'''

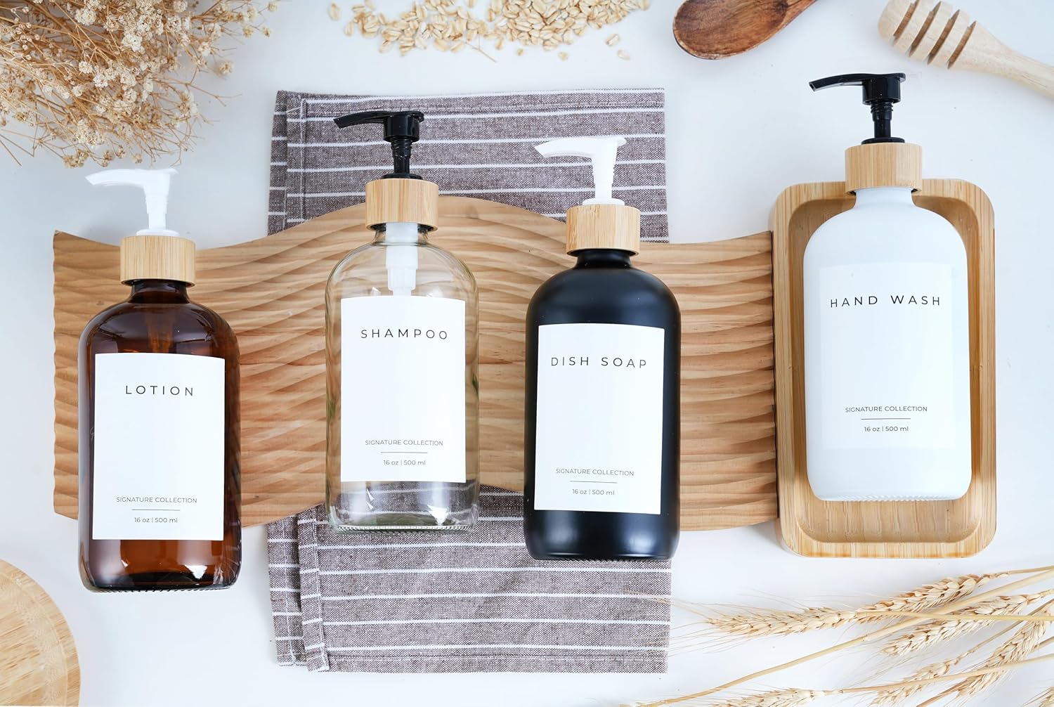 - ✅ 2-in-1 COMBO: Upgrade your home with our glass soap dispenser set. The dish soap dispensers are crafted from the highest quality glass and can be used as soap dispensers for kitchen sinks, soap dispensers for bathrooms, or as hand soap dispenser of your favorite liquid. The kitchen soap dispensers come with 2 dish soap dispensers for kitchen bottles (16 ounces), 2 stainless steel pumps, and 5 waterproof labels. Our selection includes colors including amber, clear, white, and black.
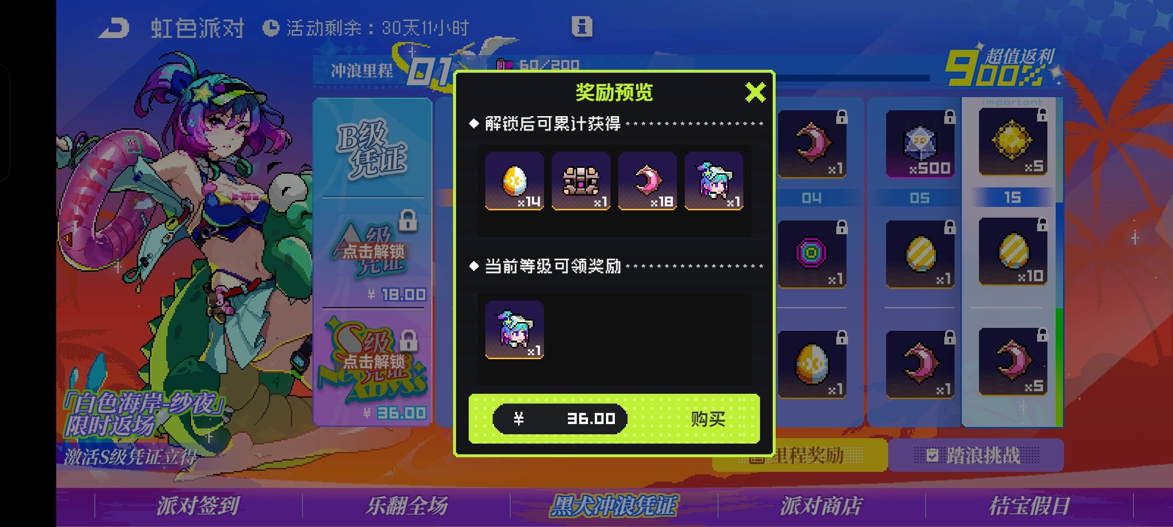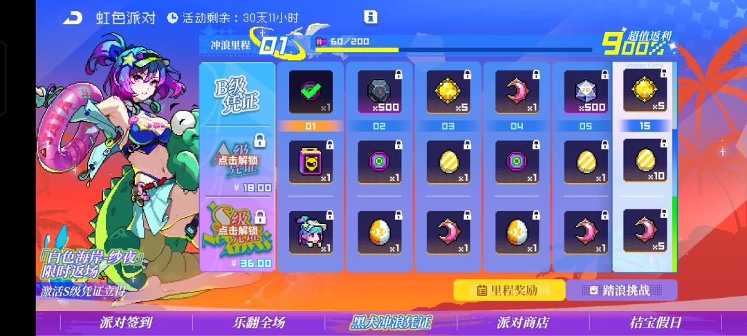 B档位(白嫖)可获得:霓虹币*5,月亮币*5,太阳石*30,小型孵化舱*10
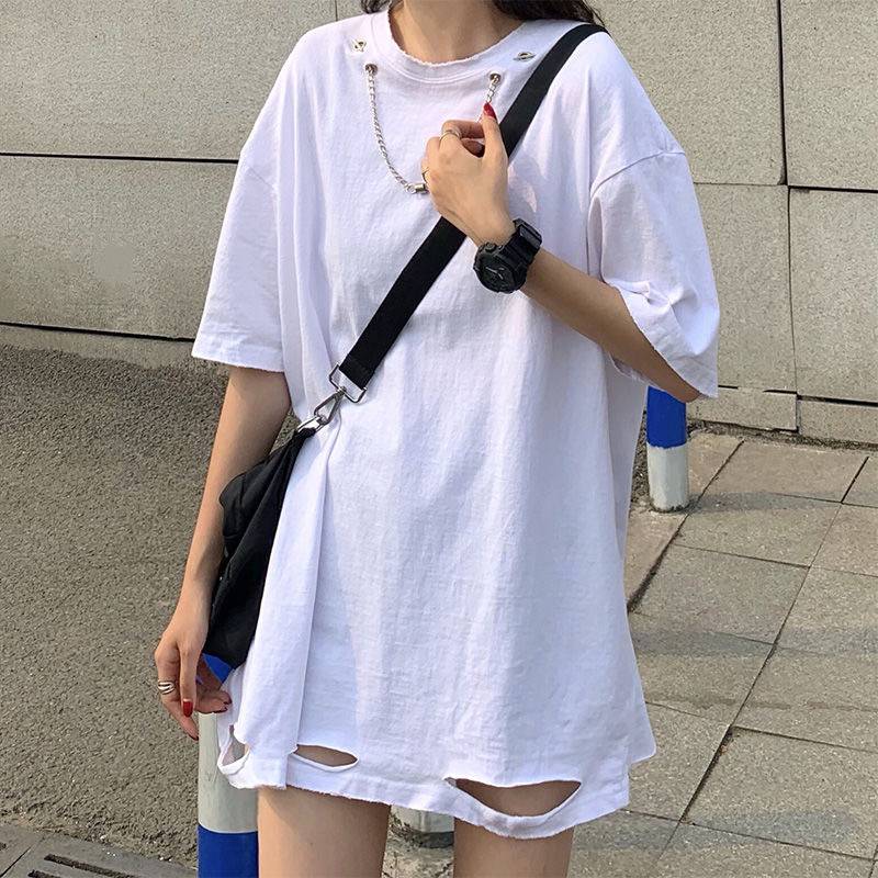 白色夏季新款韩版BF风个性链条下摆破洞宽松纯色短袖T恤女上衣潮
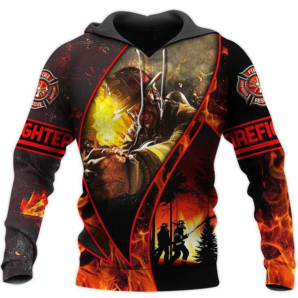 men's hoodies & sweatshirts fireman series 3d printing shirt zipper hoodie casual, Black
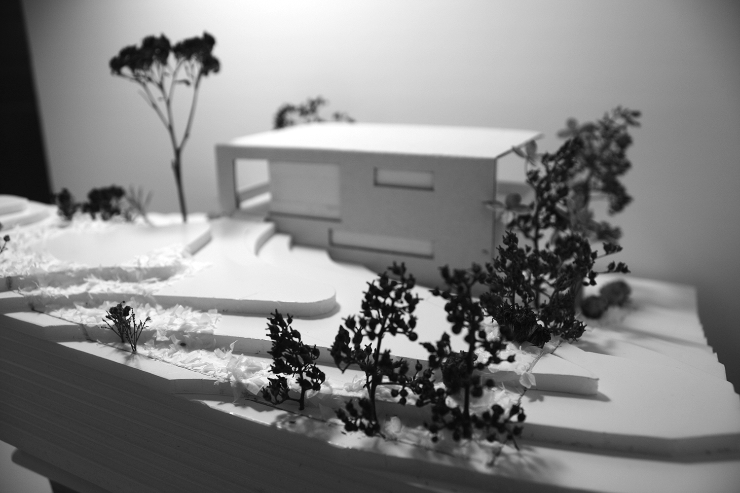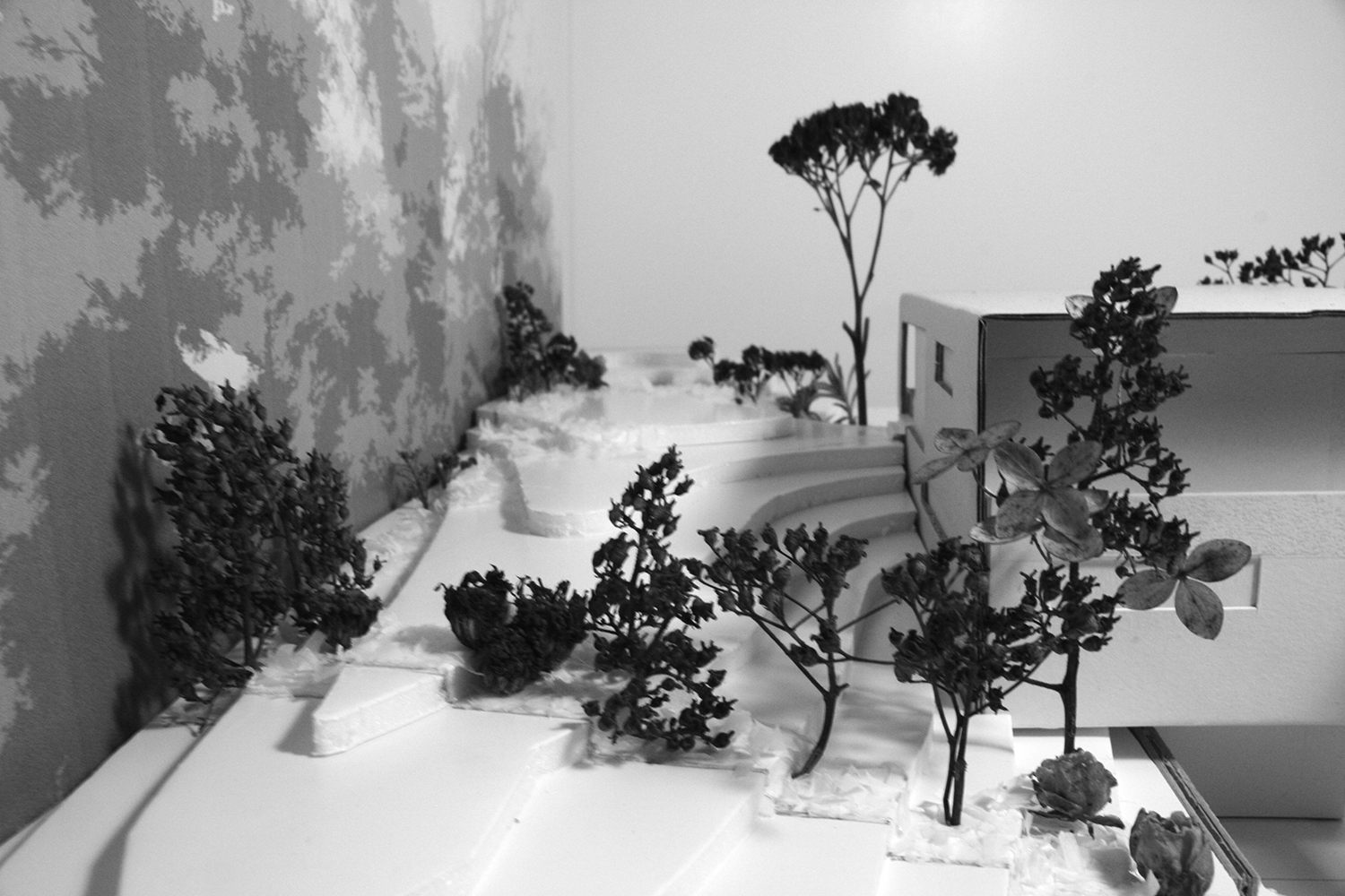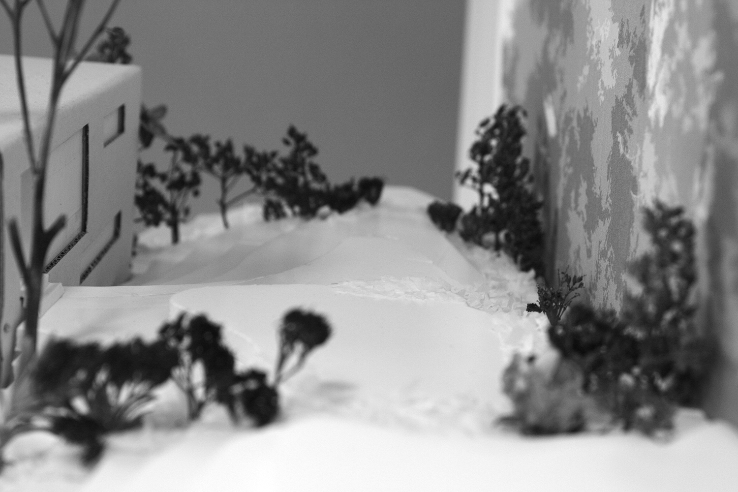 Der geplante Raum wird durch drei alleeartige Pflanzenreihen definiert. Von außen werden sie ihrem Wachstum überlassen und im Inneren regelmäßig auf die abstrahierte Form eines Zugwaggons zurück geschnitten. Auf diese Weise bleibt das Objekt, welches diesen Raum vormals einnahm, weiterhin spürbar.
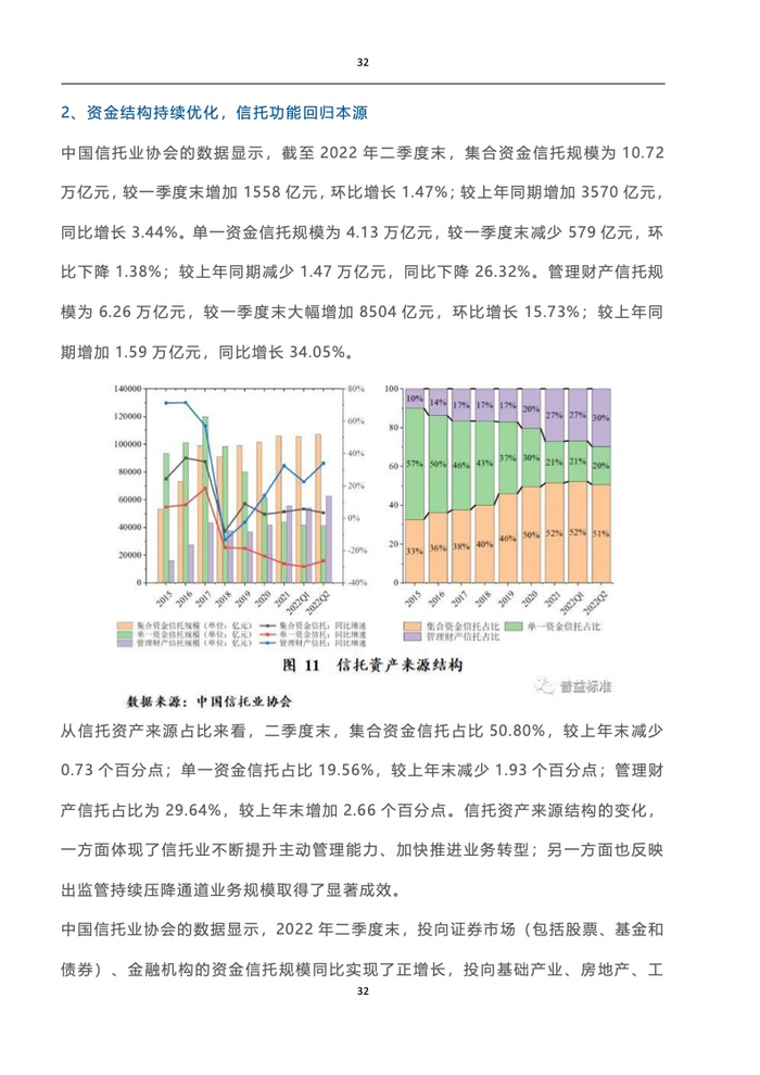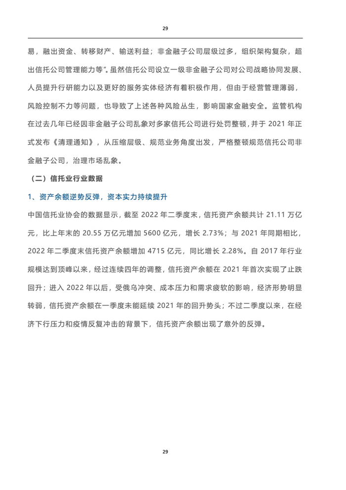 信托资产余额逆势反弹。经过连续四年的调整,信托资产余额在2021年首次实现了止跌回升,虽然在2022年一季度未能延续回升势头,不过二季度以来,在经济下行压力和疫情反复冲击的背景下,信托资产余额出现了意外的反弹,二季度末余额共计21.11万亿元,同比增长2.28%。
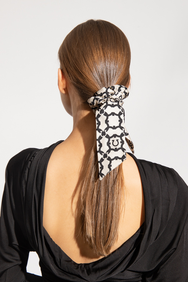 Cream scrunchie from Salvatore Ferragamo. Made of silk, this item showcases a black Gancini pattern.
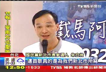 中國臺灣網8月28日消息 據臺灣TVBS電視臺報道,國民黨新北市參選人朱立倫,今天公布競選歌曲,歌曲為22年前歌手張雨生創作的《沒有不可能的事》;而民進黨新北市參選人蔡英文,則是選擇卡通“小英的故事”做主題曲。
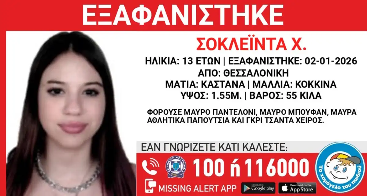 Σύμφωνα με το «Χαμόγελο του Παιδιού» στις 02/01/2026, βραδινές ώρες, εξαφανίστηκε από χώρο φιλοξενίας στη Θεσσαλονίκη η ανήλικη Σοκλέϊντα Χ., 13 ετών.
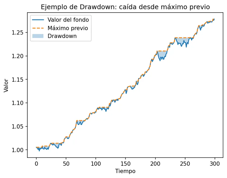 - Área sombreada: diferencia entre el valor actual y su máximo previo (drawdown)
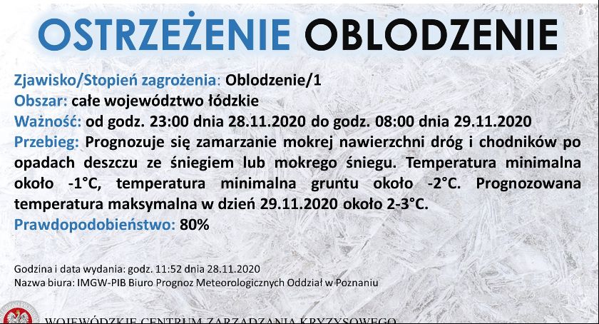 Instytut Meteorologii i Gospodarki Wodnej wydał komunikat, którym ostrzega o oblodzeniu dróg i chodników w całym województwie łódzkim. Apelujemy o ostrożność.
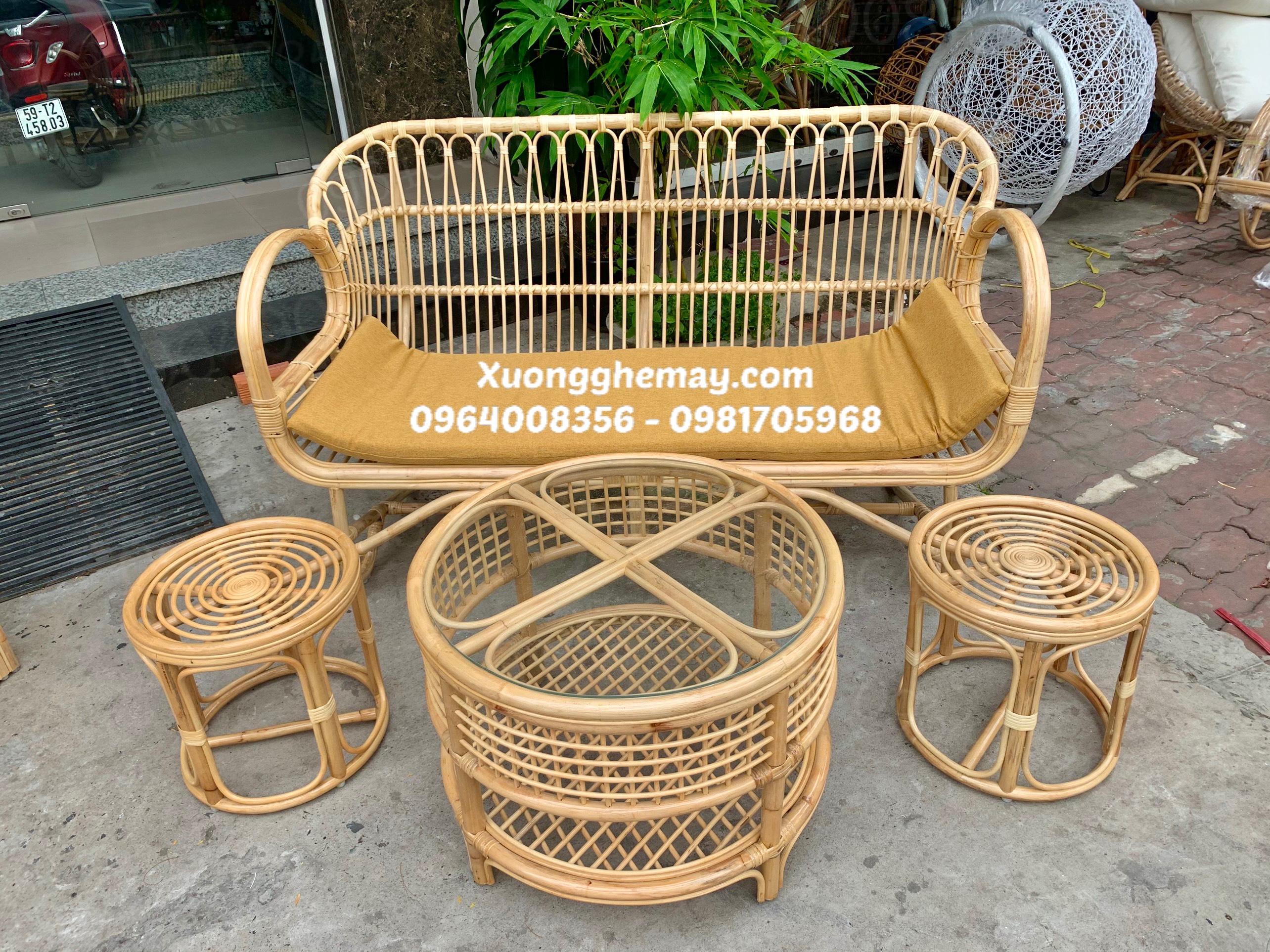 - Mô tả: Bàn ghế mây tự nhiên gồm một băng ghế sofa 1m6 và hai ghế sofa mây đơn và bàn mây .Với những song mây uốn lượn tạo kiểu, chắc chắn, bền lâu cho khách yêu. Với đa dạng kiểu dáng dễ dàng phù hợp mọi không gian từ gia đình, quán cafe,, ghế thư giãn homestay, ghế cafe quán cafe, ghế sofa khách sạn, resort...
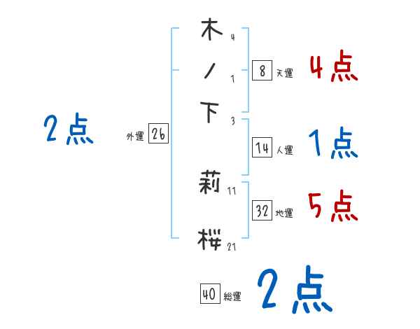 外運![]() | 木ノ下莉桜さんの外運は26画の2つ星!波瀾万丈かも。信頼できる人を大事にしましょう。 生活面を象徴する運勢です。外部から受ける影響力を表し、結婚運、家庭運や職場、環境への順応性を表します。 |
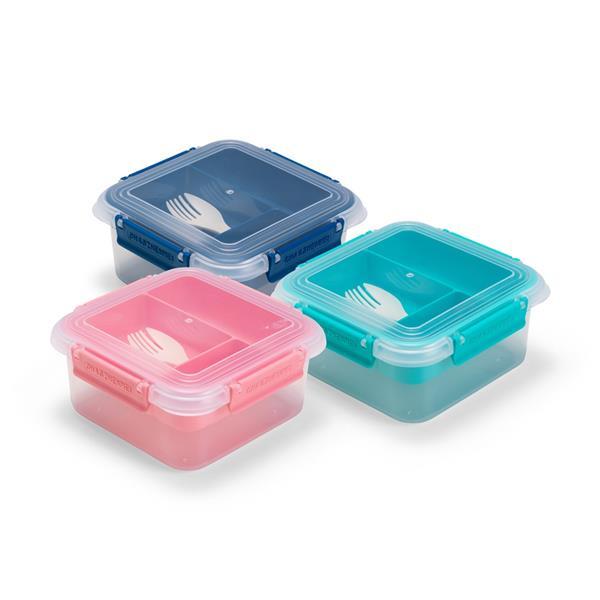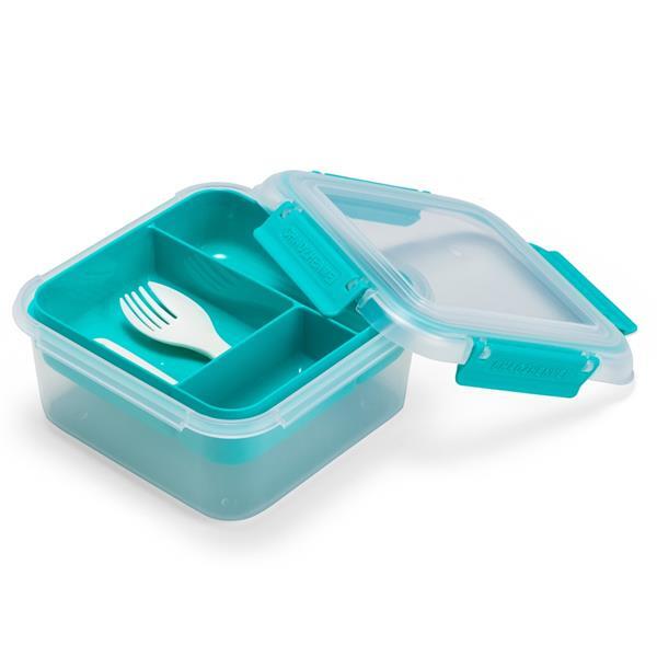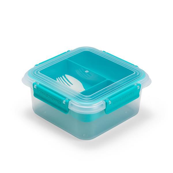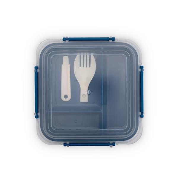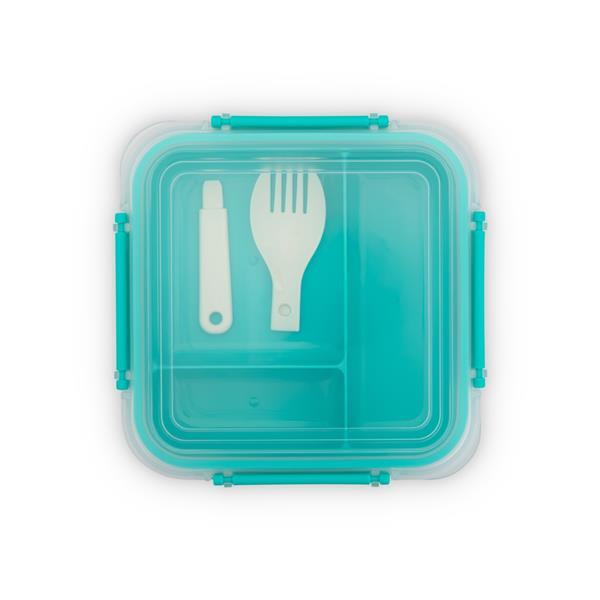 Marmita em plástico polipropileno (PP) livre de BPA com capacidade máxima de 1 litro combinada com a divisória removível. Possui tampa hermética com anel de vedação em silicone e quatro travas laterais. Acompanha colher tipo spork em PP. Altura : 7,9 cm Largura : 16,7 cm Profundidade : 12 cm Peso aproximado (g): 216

'''

## Problem to solve
Write out all the entries word for word, but skip any images.

## Exercise response
 - ✅ 2-in-1 COMBO: Upgrade your home with our glass soap dispenser set. The dish soap dispensers are crafted from the highest quality glass and can be used as soap dispensers for kitchen sinks, soap dispensers for bathrooms, or as hand soap dispenser of your favorite liquid. The kitchen soap dispensers come with 2 dish soap dispensers for kitchen bottles (16 ounces), 2 stainless steel pumps, and 5 waterproof labels. Our selection includes colors including amber, clear, white, and black.
 B档位(白嫖)可获得:霓虹币*5,月亮币*5,太阳石*30,小型孵化舱*10
 白色夏季新款韩版BF风个性链条下摆破洞宽松纯色短袖T恤女上衣潮
 men's hoodies & sweatshirts fireman series 3d printing shirt zipper hoodie casual, Black
 Der geplante Raum wird durch drei alleeartige Pflanzenreihen definiert. Von außen werden sie ihrem Wachstum überlassen und im Inneren regelmäßig auf die abstrahierte Form eines Zugwaggons zurück geschnitten. Auf diese Weise bleibt das Objekt, welches diesen Raum vormals einnahm, weiterhin spürbar.
 信托资产余额逆势反弹。经过连续四年的调整,信托资产余额在2021年首次实现了止跌回升,虽然在2022年一季度未能延续回升势头,不过二季度以来,在经济下行压力和疫情反复冲击的背景下,信托资产余额出现了意外的反弹,二季度末余额共计21.11万亿元,同比增长2.28%。
 Cream scrunchie from Salvatore Ferragamo. Made of silk, this item showcases a black Gancini pattern.
 中國臺灣網8月28日消息 據臺灣TVBS電視臺報道,國民黨新北市參選人朱立倫,今天公布競選歌曲,歌曲為22年前歌手張雨生創作的《沒有不可能的事》;而民進黨新北市參選人蔡英文,則是選擇卡通“小英的故事”做主題曲。
 Σύμφωνα με το «Χαμόγελο του Παιδιού» στις 02/01/2026, βραδινές ώρες, εξαφανίστηκε από χώρο φιλοξενίας στη Θεσσαλονίκη η ανήλικη Σοκλέϊντα Χ., 13 ετών.
 - Área sombreada: diferencia entre el valor actual y su máximo previo (drawdown)
 Instytut Meteorologii i Gospodarki Wodnej wydał komunikat, którym ostrzega o oblodzeniu dróg i chodników w całym województwie łódzkim. Apelujemy o ostrożność.
 - Mô tả: Bàn ghế mây tự nhiên gồm một băng ghế sofa 1m6 và hai ghế sofa mây đơn và bàn mây .Với những song mây uốn lượn tạo kiểu, chắc chắn, bền lâu cho khách yêu. Với đa dạng kiểu dáng dễ dàng phù hợp mọi không gian từ gia đình, quán cafe,, ghế thư giãn homestay, ghế cafe quán cafe, ghế sofa khách sạn, resort...
 外運![]() | 木ノ下莉桜さんの外運は26画の2つ星!波瀾万丈かも。信頼できる人を大事にしましょう。 生活面を象徴する運勢です。外部から受ける影響力を表し、結婚運、家庭運や職場、環境への順応性を表します。 |
 Marmita em plástico polipropileno (PP) livre de BPA com capacidade máxima de 1 litro combinada com a divisória removível. Possui tampa hermética com anel de vedação em silicone e quatro travas laterais. Acompanha colher tipo spork em PP. Altura : 7,9 cm Largura : 16,7 cm Profundidade : 12 cm Peso aproximado (g): 216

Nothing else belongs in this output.